4 entry daha
  • başkalarının mutluluğundan rahatsız olmak ya da olmamak hali, bireyin bu dünyada konumlanışına dair büyük bir ipucu veren durum. resmen 'tarafını seçmek' ile ilgili.

    dünya üzerindeki istisnasız her insan, gerçek mutluluk anlarının peşinde. gerçek mutluluğu tamamen ve sürekli olarak elde etmek sadece ütopya. yani insanlara dışarıdan baktığınızda, sizden daha iyi durumdaymış gibi gelebilirler. ama bütün bu sıradanlığın içinde, ne koşullar altında olursak olalım her birimiz zavallıyız. hayatın yükseldiği çok az mutluluk anı var. bu anları asla yakalamamış olmak ya da yakalayamayacak olmak da tam bir distopya aslında. iki uç da, sürekliliği olmaması sebebiyle, olanaksızlık barındırıyor. insan sonsuza kadar, sürekli mutlu olamaz, yine aynı şekilde, mutlu da olamaz.

    çoğu zaman bir distopyanın içine düşmüşüz gibi yaşantıladığımız hayatta, bazı mutluluk anlarını yakaladık mı, sosyal bir varlık olarak bunu bir şekilde çevremize ilan etme eğiliminde oluyoruz. nispet yapmaktan ya da karşındaki insan mutsuzluğa gömülmüşken sinir bozmaktan bahsetmiyorum. söylediğim daha çok o anları yakaladığımızda oluşan 'bak benim başıma geldi, senin de gelir' umudunu aşılama arzusu. bireysel düzeyde de değil üstelik bir tek, ilan etme, paylaşma, duyurma isteği. dünyayı daha iyi bir yermiş gibi görebilsek, daha iyi bir yer olabilir.

    fakat ne yazık ki, en başında dediğim gibi, insanın konumlanışı çok önemli. insanlara, yaşadıkları dünyanın bir parça da olsa sorumluluğunu almaktan daha kolay gelen bir şey var. 'kötü' tarafta konumlanmak. melankolinin boğuculuğu içinde küçük bir an, ufak bir şey yakalamış naif pozisyondakiler, 'bak benim başıma geldi' diye ilan etmek istiyor. zannediyorlar ki, bir yerde daralarak boğulan biri varsa, ötekinin başına gelen o 'an'da umut bulur. çünkü kendileri, umut bulmuştu. ama onlar umut bulmuyor. onların bulduklarına umuttan ziyade haset denir.

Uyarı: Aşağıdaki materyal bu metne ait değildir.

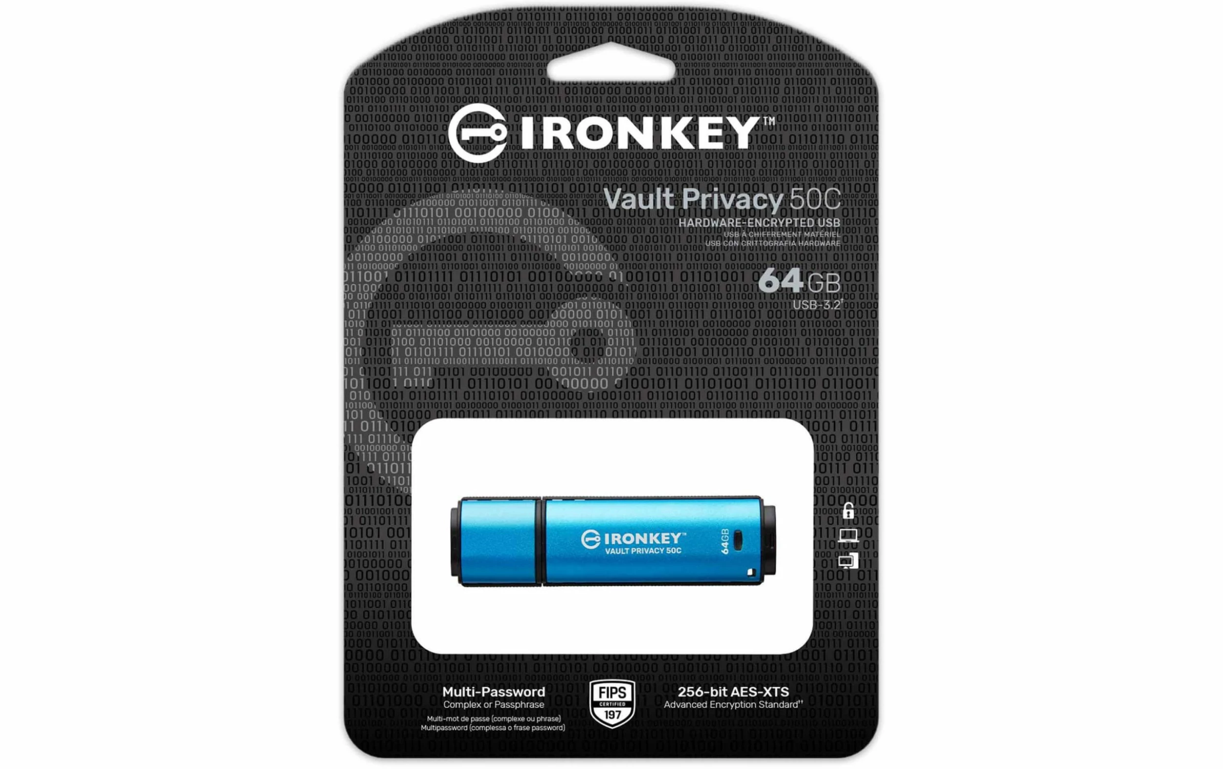 Capacité de mémoire totale: 64 GB, Cryptage du stockage des données: 256-Bit-AES, Couleur de détail: Bleu, Interfaces: Type-C USB 3.0 (3.1 / 3.2 Gen. 1), Forme du périphérique mémoire USB: Standard, Matériau: Non spécifié
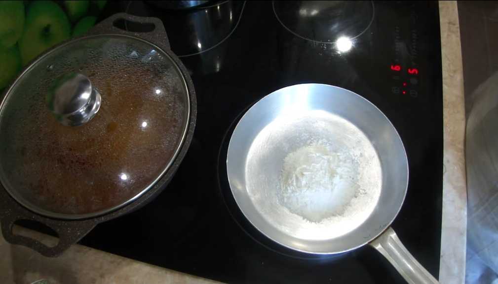 6. Пока специи отдают свои ароматы, займемся мукой. На разогретую сухую сковороду кладем 2-3 столовые ложки пшеничной муки. Перемешивая, обжариваем до легкой золотистости. Не пережарьте, иначе блюдо будет горчить! Сразу же переложим обжаренную муку в отдельную мисочку или тарелку. Добавим теплую воду и тщательно размешаем, чтобы не было комочков.

    mutlu olmaktan çok daha öncelikli bir şey var yapmamız gereken. iyi insan olmak. bu, o kadar da zor olmamalı. ama görüyorum ki o kadar da zor. e öyleyse, ben iki tarafta da konumlanmayı reddederek, burada lafı halil cibrana bırakıyorum,

    “gez ve kimseye söyleme
    gerçek bir aşk hikayesi yaşa, kimseye söyleme.
    mutlu ol, kimseye söyleme
    insanlar güzel şeyleri mahveder.”